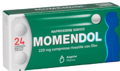
MOMENDOL 220 mg 24 compresse rivestite
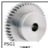
PSG1 Ingranaggio dritto di precisione, Acciaio 20NCD2 cementato temprato
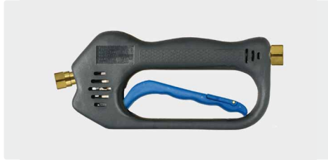
ST-601 Linear Frostschutz

Frostschutzausführung. Max. 275 bar / 45 l/min / 150 °C

## Work to complete
Set the listing above down again exactly, leaving pictures out.

## Task output
MOMENDOL 220 mg 24 compresse rivestite
PSG1 Ingranaggio dritto di precisione, Acciaio 20NCD2 cementato temprato
ST-601 Linear Frostschutz

Frostschutzausführung. Max. 275 bar / 45 l/min / 150 °C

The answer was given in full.